In order to test our class we will need instances of HttpServletRequest. It’s not (easily) possible to create such instances, as this is an interface, and usually the servlet container generates concrete implementations. We don’t want to incorporate a servlet container in our tests. What we are going to do is mock an HttpServletRequest, as if it was coming over http from a client.

In order to mock such a request we could provide our own implementation, possibly in an inner static class, inside our test and we’d have to implement all methods.

Another way is to create a mock object which will implement HttpServletRequest and program it with canned answers for our class. There exist many frameworks out there for mocking and we’ll use mocquer.

We need to add the servlet-api.jar and the mocquer dependencies on our project’s test libraries.

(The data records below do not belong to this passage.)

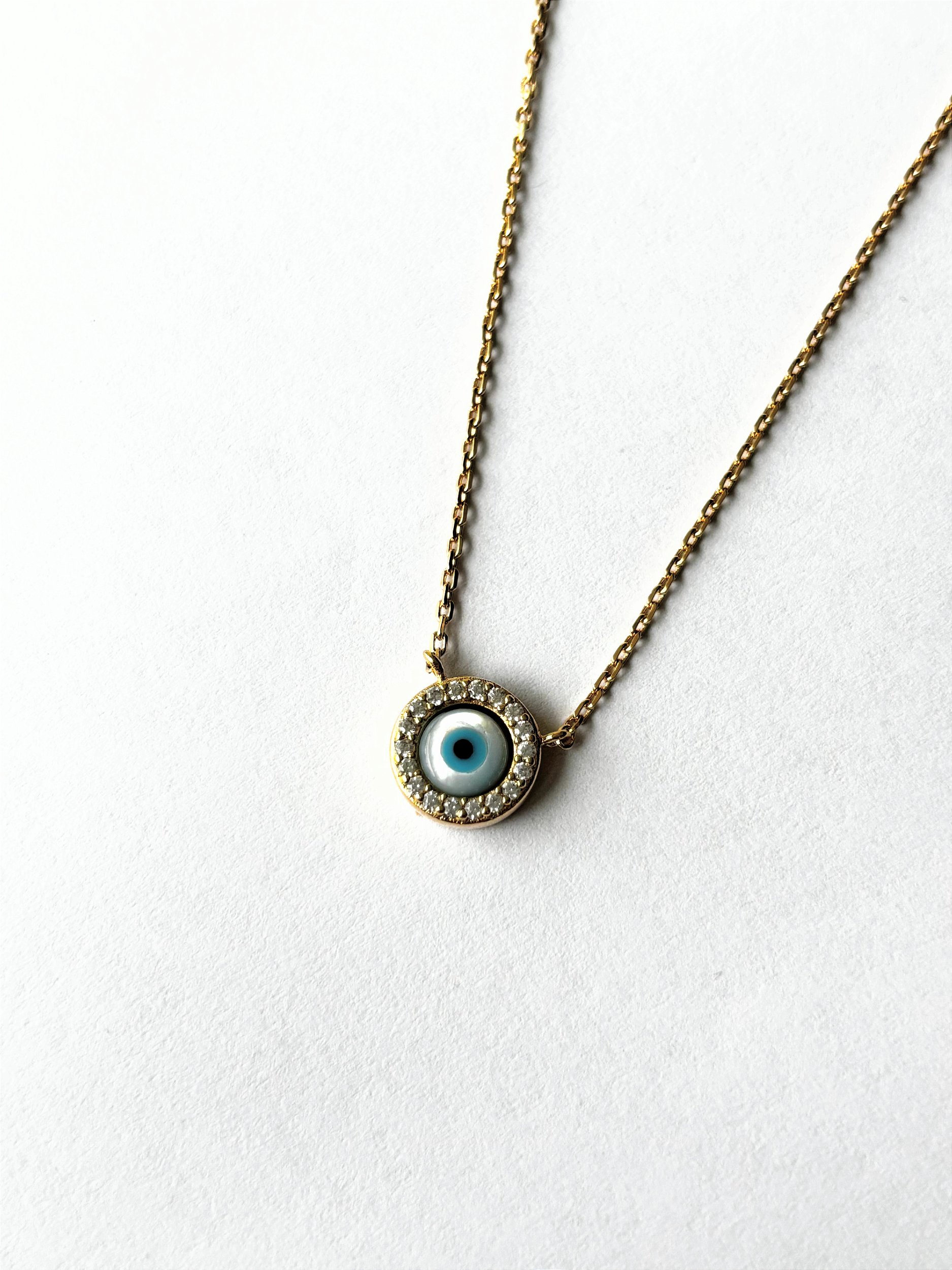 O Colar Olho Grego Paola é um amuleto de proteção transformado em joia sofisticada. Com pingente de madrepérola e delicadas microzircônias cravejadas, traz equilíbrio entre significado e elegância. Uma peça atemporal que combina espiritualidade, modernidade e sofisticação, perfeita para quem deseja um toque especial em qualquer produção.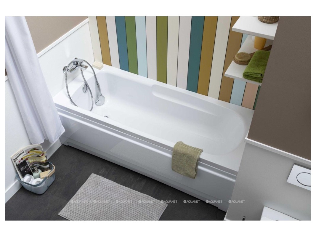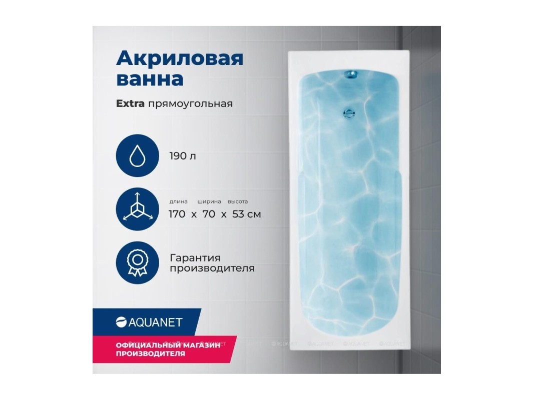 Акриловая ванна Aquanet Extra 170x70 может стать настоящей изюминкой ванной комнаты. И все благодаря элегантным линиям, более покатым у изголовья и резко очерченным – в изножье. Форма чаши содержит боковые детали, которыми удобно пользоваться как подлокотниками. Особенно актуально, если в семье есть дети и пожилые люди. Борт ванны со стороны изголовья сделан под углом, который соответствует принципам эргономики, а значит, находится в такой ванне – настоящий отдых для всего тела. Эксклюзивным для ванны Extra является и антискользящее покрытие. Оно похоже на застывшие на днище в виде ромбического узора маленькие круглые капельки воды. Для изготовления ванны использован сантехнический акрил толщиной 3 мм, а для усиления корпуса в местах наибольшей нагрузки установлены закладные из МДФ-плит и сделано двухслойное армирование стеклоровингом.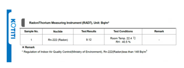 (환경부 권고 기준: 148 Bq/m3 vs 엠마 매트리스: 9.12 Bq/m3)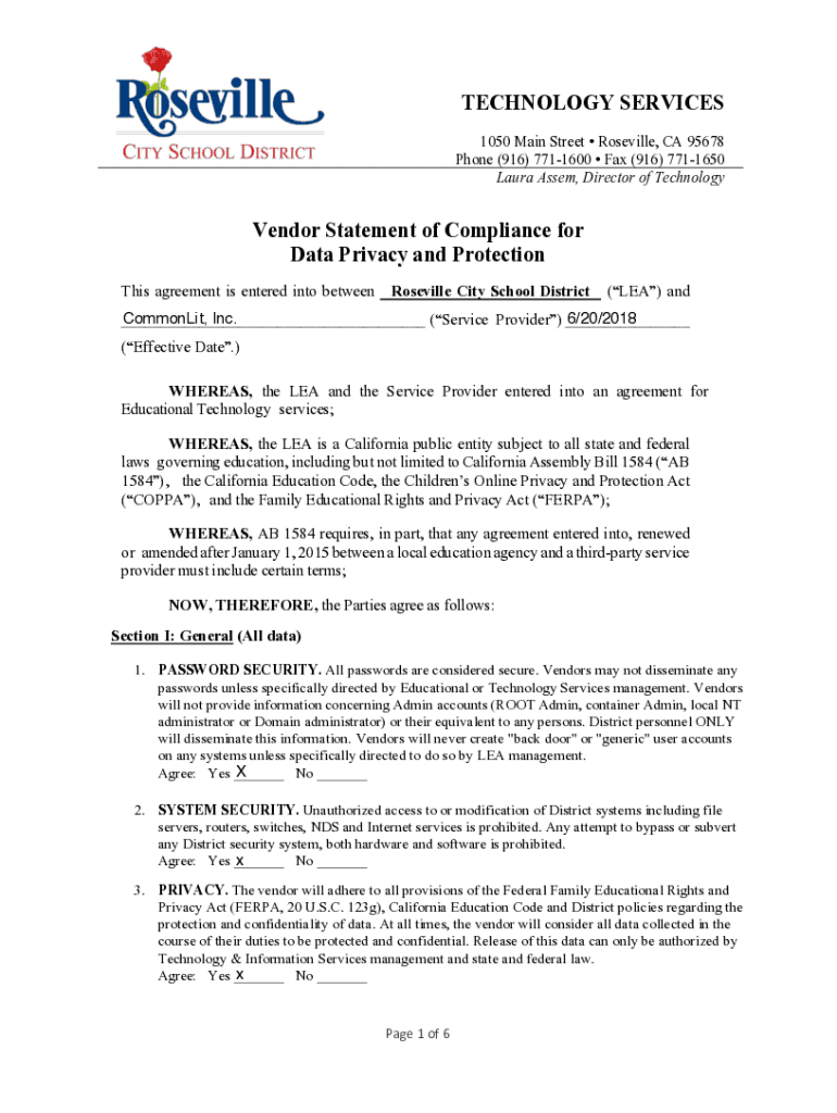 Get the free TECHNOLOGY SERVICES Vendor Statement of Compliance ...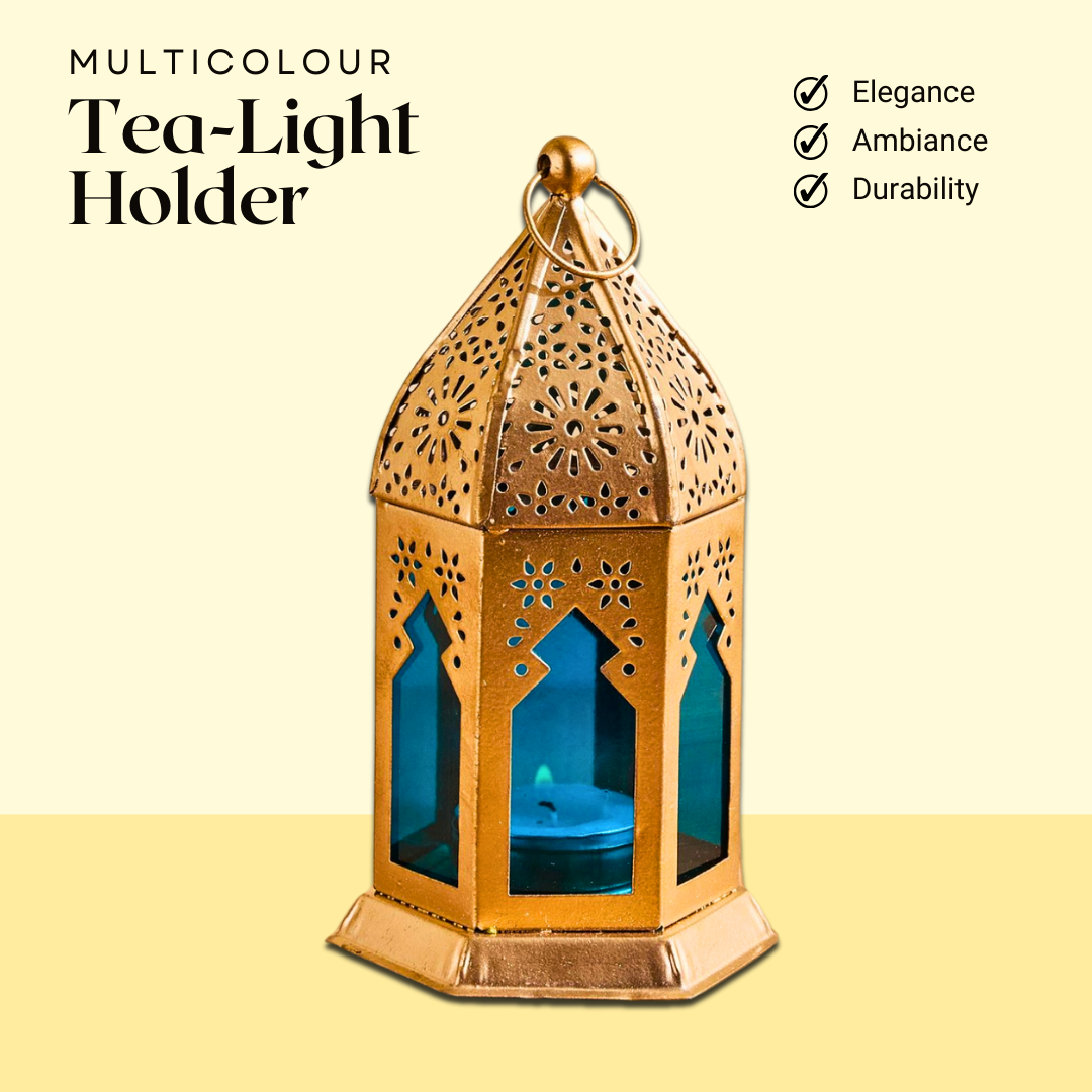 Multicolour Metal Lantern Tea-Light Holder for Home Decor, Festive Celebrations, and Gifting - Durable and Stylish Accent for Indoor and Outdoor Use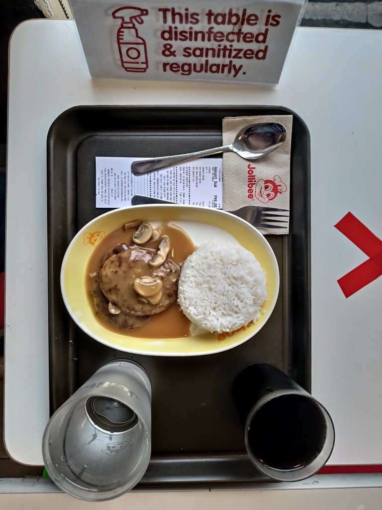 When I went back to Jollibee, there were available dine-in slots so I ordered a double patty burger steak with Sarsi. I normally just order single patty, no drinks but I probably felt more tired and hungry than usual. Burger steak is my go-to item whenever I go to Jollibee.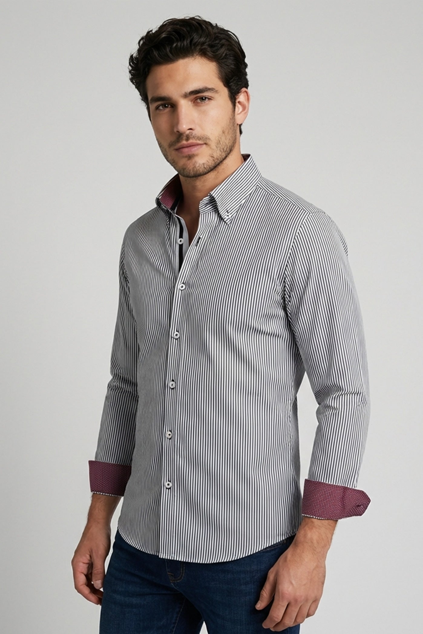 Descripción del producto: Descubre la elegancia y el confort de nuestra camisa para hombre, diseóada especialmente para quienes buscan un look moderno y sofisticado. Con su cuello button down y una vestibilidad slim fit, esta camisa se adapta perfectamente a tu silueta, proporcionando un ajuste elegante y cómodo. Fabricada en popelín, su textura suave garantiza una sensación agradable sobre la piel, mientras que el diseóo de rayas medianas aporta un toque distintivo. Ideal para combinar con jeans o pantalones formales, es la prenda versátil que necesitas en tu armario.

In order to fake HTTP request data, we need to know how these look like. Firefox and many other http header monitor tools out there help us gather the following interesting parts of the requests:

GET method

GET /example.html HTTP/1.1
Host: www.domain.com

POST method

POST /example.html HTTP/1.1
Host: www.domain.com
Content-Type: application/x-www-form-urlencoded

POST method with file upload

POST /example.html HTTP/1.1
Host: www.domain.com
Content-Type: multipart/form-data; boundary=...

The test now becomes:

import javax.servlet.http.HttpServletRequest;
import junit.framework.*;
import org.jingle.mocquer.MockControl;

public class HttpRequestAnalyserTest extends TestCase {
  
  public HttpRequestAnalyserTest(String testName) {
    super(testName);
  }
  
  private MockControl requestControl;
  private HttpServletRequest request;
  
  public void setUp() {
    requestControl = MockControl.createControl(HttpServletRequest.class);
    request = (HttpServletRequest)requestControl.getMock();
  }
  
  public void testIsGet() {
    request.getMethod();
    requestControl.setReturnValue("GET");
    requestControl.replay();
    HttpRequestAnalyser analyser = new HttpRequestAnalyser(request);

    assertTrue(analyser.isGet());
    assertFalse(analyser.isPost());
    assertFalse(analyser.isMultipart());
  }
  
  public void testIsPost() {
    request.getMethod();
    requestControl.setReturnValue("POST");
    request.getHeader("Content-Type");
    requestControl.setReturnValue("application/x-www-form-urlencoded");
    requestControl.replay();
    HttpRequestAnalyser analyser = new HttpRequestAnalyser(request);

    assertFalse(analyser.isGet());
    assertTrue(analyser.isPost());
    assertFalse(analyser.isMultipart());
  }
  
  public void testIsMultipart() {
    request.getMethod();
    requestControl.setReturnValue("POST");
    request.getHeader("Content-Type");
    requestControl.setReturnValue("multipart/form-data; boundary=...");
    requestControl.replay();
    HttpRequestAnalyser analyser = new HttpRequestAnalyser(request);

    assertFalse(analyser.isGet());
    assertTrue(analyser.isPost());
    assertTrue(analyser.isMultipart());
  }
  
}

We’ve provided method call expectations, and canned answers on the mock. The tests fail.
We fill in the HttpRequestAnalyser constructor implementation which now becomes:

import javax.servlet.http.HttpServletRequest;

public class HttpRequestAnalyser {
  
  private final boolean get;
  private final boolean post;
  private final boolean multipart;
  
  public HttpRequestAnalyser(HttpServletRequest request) {
    this.get = request.getMethod().equals("GET");
    this.post = request.getMethod().equals("POST");
    this.multipart =
        request.getHeader("Content-Type").startsWith("multipart/");
  }
  
  public boolean isGet() {
    return get;
  }
  
  public boolean isPost() {
    return post;
  }
  
  public boolean isMultipart() {
    return multipart;
  }
  
}

Post and multipart tests pass. The get test fails, because we haven’t set an expectation for getHeader(“Content-Type”) to be called. That is because the GET Http method doesn’t have such a header.
The multipart check should only happen if the request has been recognised to be a post:

import javax.servlet.http.HttpServletRequest;

public class HttpRequestAnalyser {
  
  private final boolean get;
  private final boolean post;
  private final boolean multipart;
  
  public HttpRequestAnalyser(HttpServletRequest request) {
    this.get = request.getMethod().equals("GET");
    this.post = request.getMethod().equals("POST");
    this.multipart = post ?
      request.getHeader("Content-Type").startsWith("multipart/") :
      false;
  }
  
  public boolean isGet() {
    return get;
  }
  
  public boolean isPost() {
    return post;
  }
  
  public boolean isMultipart() {
    return multipart;
  }
  
}

Tests pass, and the class is ready to rock! Happy testing (before coding).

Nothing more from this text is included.